Invited Commentary
Surgery
March 25, 2025
Robotic-Assisted Cholecystectomy—for Whom?
David R. Urbach
JAMA Netw Open. 2025;8(3):e251711. doi:10.1001/jamanetworkopen.2025.1711
To assess whether robotic-assisted cholecystectomy is superior to laparoscopic cholecystectomy in the prevention of bile duct injury, Mullens and colleagues1 conducted a retrospective study of 737 908 Medicare beneficiaries, including 295 807 in an experimental cohort and 442 101 in a training cohort, who underwent either robotic-assisted or laparoscopic cholecystectomy. Analyses stratified by the risk of postoperative complications found that patients undergoing robotic-assisted surgery had a higher risk of bile duct injury than those undergoing laparoscopic surgery in each category of risk. Risk categories were carefully identified and validated in the independent training cohort. Patients in the lowest-risk category who underwent robotic-assisted cholecystectomy had a risk of bile duct injury even higher than those in the highest-risk category who underwent laparoscopic surgery. With respect to bile duct injury—the most feared complication of gall bladder surgery—robotic-assisted surgery, based on these data, is inferior to laparoscopic cholecystectomy.
A new health technology should be used only if it offers advantages over existing treatments with respect to measures such as clinical effectiveness, safety, patient experience, cost, or social benefit.
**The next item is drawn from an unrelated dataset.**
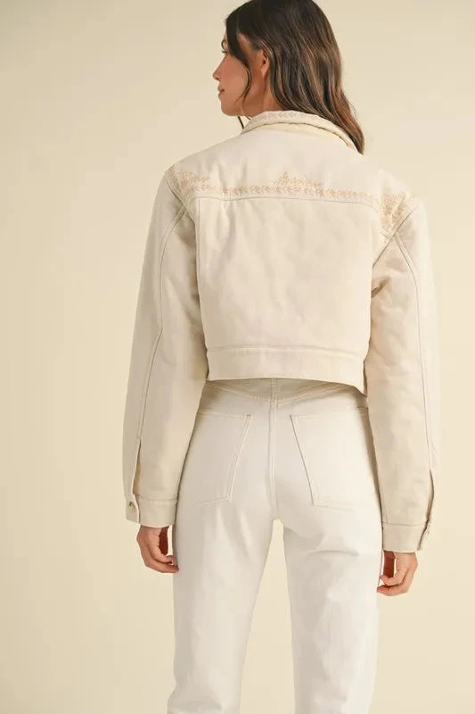 The Embroidered Quilted Cropped Jacket is a unique and stylish outerwear piece featuring intricate embroidery and a quilted texture. This jacket combines a cropped silhouette for a modern look with eye-catching embroidery for added detail and charm. The quilted design adds depth and texture, making it a fashionable and versatile option for layering over outfits to create a chic and trendy ensemble.

To date, it has been difficult to identify any of these factors as a rationale for adopting robotic-assisted cholecystectomy. Robotic-assisted cholecystectomy is more costly and lacks any meaningful short-term benefit compared with the gold standard procedure of laparoscopic cholecystectomy.2 Still, enthusiasts had argued that the improved visualization and dexterity of robotic-assisted surgical platforms should allow for better safety. When previous research suggested that robotic-assisted cholecystectomy resulted in an increased risk of serious complications such as bile duct injury,3 critics suspected a potentially spurious finding from observational study designs: robotic-assisted cholecystectomy surely was being used preferentially in more complex or higher-risk clinical settings. Might a true benefit of robotic-assisted cholecystectomy simply be obscured by selection bias? The article by Mullens and colleagues1 has provided as definitive an answer to this question as we are likely to get: No.
What are we to make of this? What role, if any, remains for robotic-assisted cholecystectomy? If robotic-assisted cholecystectomy is no better than laparoscopic cholecystectomy and is more expensive and more hazardous, there are 2 remaining arguments for its continued use: (1) as a training procedure surgeons can use for skill development for application in more complex procedures for which robotic-assisted surgery does, in fact, have benefit or (2) because patients express a preference specifically for robotic-assisted surgery.
Advocating for the use of robotic-assisted cholecystectomy for surgeons’ technical skill development raises ethical concerns. The primary responsibility of surgeons is to their patients, and it is inappropriate to subject patients to unnecessary risk. Just over 3% of patients in the study by Mullens and colleagues1 underwent robotic-assisted surgery. More widespread adoption of robotic-assisted cholecystectomy to train the surgical workforce raises the possibility of substantial iatrogenic harm to the population along the way.
The remaining argument—patient preference—is also highly problematic. In an era of growing popular mistrust in institutions, when people are encouraged to “do your own research,” patients increasingly express preferences for aggressively marketed health interventions that are not aligned with their treatment goals and values. What does it mean for a patient to “prefer” the use of a specific health technology, such as robotic-assisted surgery, especially when the health technology is one that most surgeons would avoid if they needed a cholecystectomy themselves?4Whose needs are being served? Patient perceptions are highly influenced by concepts such as novelty and innovation, and we must be mindful of the extraordinary power we exert in framing these perceptions, potentially swaying patients toward riskier treatments.5
A surgeon’s recommendation to a patient with gallbladder disease who would benefit from surgery should be based on the patient’s treatment goals and values as well as a consideration of the relative risks and benefits of the various treatment options. In light of recent evidence, this recommendation should not be a robotic-assisted cholecystectomy.